Echoic memory encodes basic features of sound, such as spatial location or pitch. It does not store complex semantic information.

== Overview ==
Shortly after George Sperling's partial report studies of the visual memories and how they are stored, researchers began investigating its auditory counterpart. The term echoic memory was coined in 1967 by Ulric Neisser to describe this brief representation of acoustic information. It was initially studied using an approach similar to that of Sperling's research. But modern neuropsychological techniques have given us the ability to estimate the capacity, duration, and location of echoic memory storage.
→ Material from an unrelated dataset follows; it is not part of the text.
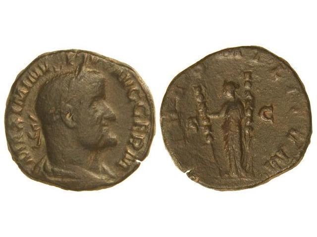 Sestercio. Acuñada el 235-236 d.C. MAXIMINO I. Anv.: MAXIMINVS PIVS AVG. GERM. Cabeza laureada a derecha. Rev.: FIDES MILITVM S. C. Fe estante a izquierda portando dos estandartes. 17,60 grs. C-10 var. MBC/MBC-.

Using Sperling's model as an analogue, researchers continue to apply his work to the auditory sensory store using partial and whole report experiments. Studies have found that the echoic memory can store memories for up to 4 seconds. But researchers have proposed differing estimates of the duration of echoic memory storage. However, different durations have been proposed for the existing echo once the hearing signal has been presented. Guttman and Julesz suggested that it may last approximately one second or less, while Eriksen and Johnson suggested that it can take up to 10 seconds.

=== Early work ===
Baddeley's model of working memory consists of the visuospatial sketchpad which is related to iconic memory, and a phonological loop which attends to auditory information processing in two ways. The phonological storage is broken up into two sections. The first is the storage of words that we hear; this tends to have the capacity to retain information for 3–4 seconds before decay, which is a much longer duration than iconic memory (which is less than 1000ms). The second is a sub-vocal rehearsal process to keep refreshing the memory trace by using one's "inner voice". This consists of the words repeating in a loop in our mind. However, this model does not fully provide a detailed description of the relationship between the initial sensory input and ensuing memory processes.
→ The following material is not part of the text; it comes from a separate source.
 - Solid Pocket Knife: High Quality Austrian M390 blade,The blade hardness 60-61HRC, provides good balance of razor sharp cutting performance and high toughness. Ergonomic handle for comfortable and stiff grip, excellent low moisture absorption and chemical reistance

A short-term memory model proposed by Nelson Cowan attempts to address this problem by describing a verbal sensory memory input and storage in more detail. It suggests a pre-attentive sensory storage system that can hold a large amount of accurate information over a short period of time and consists of an initial phase input of 200-400ms and a secondary phase that transfers the information into a more long-term memory store to be integrated into working memory which starts to decay after 10-20s.

== Testing methods ==

=== Partial and whole report ===
Echoic memory is measured by behavioural tasks where participants are asked to repeat a sequence of tones, words, or syllables that were presented to them, usually requiring attention and motivation. The most famous partial report task was conducted by presenting participants with an auditory stimulus in the left, right, and both ears simultaneously. Then they were asked to report the spatial location and category name of each stimulus. Results showed that spatial location was recalled more easily than semantic information when inhibiting information from one ear over the other. Consistent with results on iconic memory tasks, performance on the partial report conditions were far superior to the whole report condition. In addition, a decrease in performance was observed as the interstimulus interval (length of time between presentation of the stimulus and recall) increased.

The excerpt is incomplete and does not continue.